There is a presumption of perpetual peace in Europe which rests in turn on a presumption of the perpetuity of our existing capital structures. Once the latter are undermined, the former is called into question.
The great wars of the secular age have all been fought between ideologies which seek to restructure the relationship between capital and the people. As popular support grows for such plans, Western Europe is entering its most dangerous phase since the 1930s.
As in the early 1930s, the decision on the fate of financial order on the continent rests with debtor countries who admit no guilt for their debt. And, once again, faith is being placed in the treaty system to maintain order. To push the analogy further, I believe that the dominant form of political organisation over the next decade will be nationalism. We are one charismatic leader away from a complete re-ordering of the continent.

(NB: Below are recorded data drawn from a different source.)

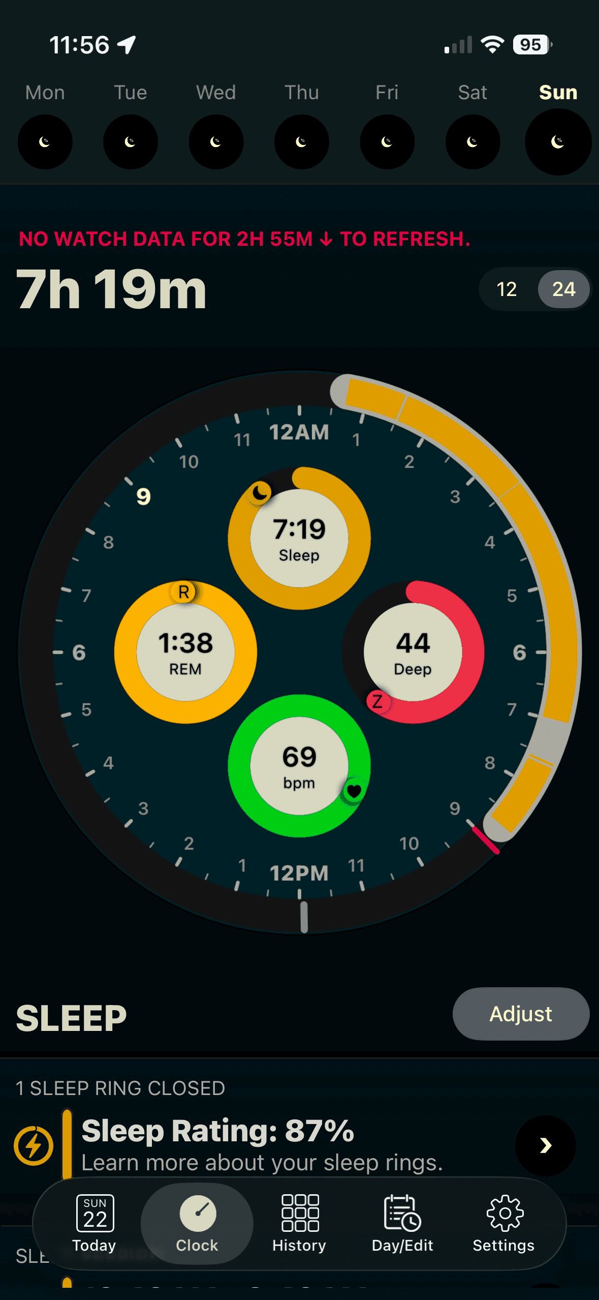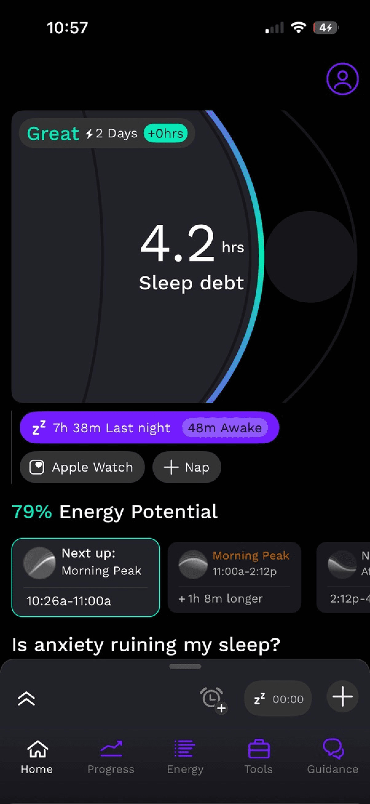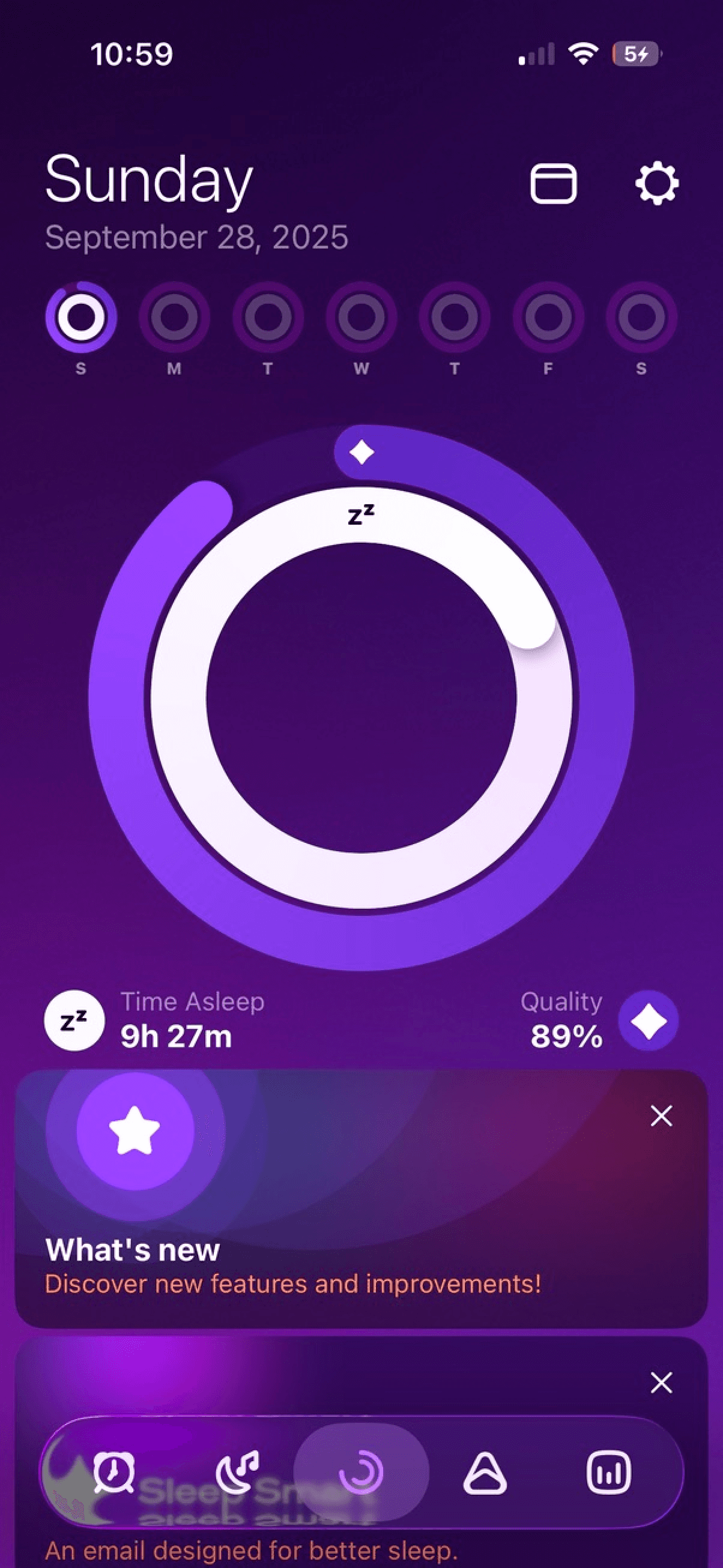 The most frequently recommended "one-time purchase" sleep tracker. Powerful under the hood, but the interface is notoriously dense and unintuitive. It offers a form of sleep debt tracking, but the logic is flawed — users can go into "sleep credit," which doesn't align with how sleep science actually works.
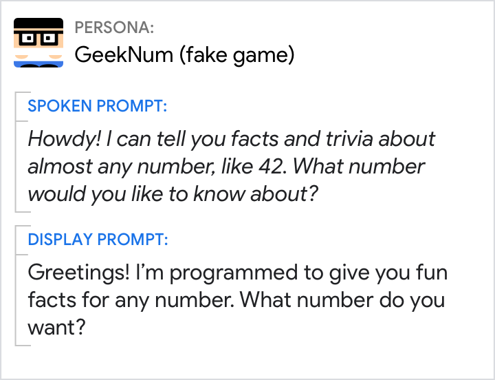 कान और आंख, दोनों के लिए डिज़ाइन बनाएं. सीधे तौर पर, लोगों से बातचीत शुरू करना सबसे आसान है. इसके लिए, पहले से बनी हुई किसी बातचीत को ध्यान में रखें. इसके बाद, इसे छोटा करके डिसप्ले प्रॉम्प्ट बनाएं.
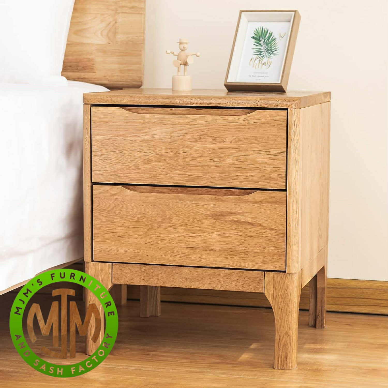 The Colette Nightstand blends clean lines with a minimal silhouette and incorporates 2 drawers. The nightstand was inspired by Nordic design and easily matches the décor of any room. The Colette Nightstand is constructed from solid oak paired with brass hardware details. It can be used on its own or placed next to a bed.
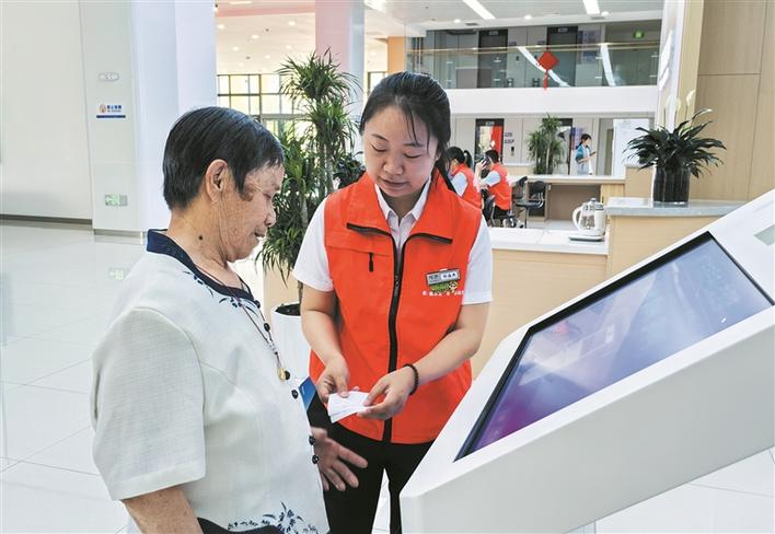 8月22日,铁门关市民中心“小兵帮办”工作人员(右)协助办事群众预约取号。为优化营商环境,提高企业和群众办事效率,二师铁门关市政务服务中心组建专业的帮办代办服务队伍,为企业和群众办事提供全流程的咨询、指导、协调等服务。叶云清 摄

The problem with reparations, halted under the Nazi Party in 1933, was not that the Germans were unable to pay a debt which amounted to 83pc of GDP in 1923: on the contrary, they were (I recommend AJP Taylor’s Origins of the Second World War on this point). Instead, it was that neither Germany nor pre-Anschluss Austria recognised the “war guilt” clause in the Treaty of Versailles which justified such payments.
Not only did the debtors believe the debts unjust, so did the creditors. Sophisticated opinion in Britain, shared by Cabinet ministers and Keynes, held that the peace terms were unduly harsh on the Germans and would cause unnecessary deprivation. This combination of stubbornness and sympathy ensured that when debts eventually went unpaid, no nation intervened to support the existing financial system.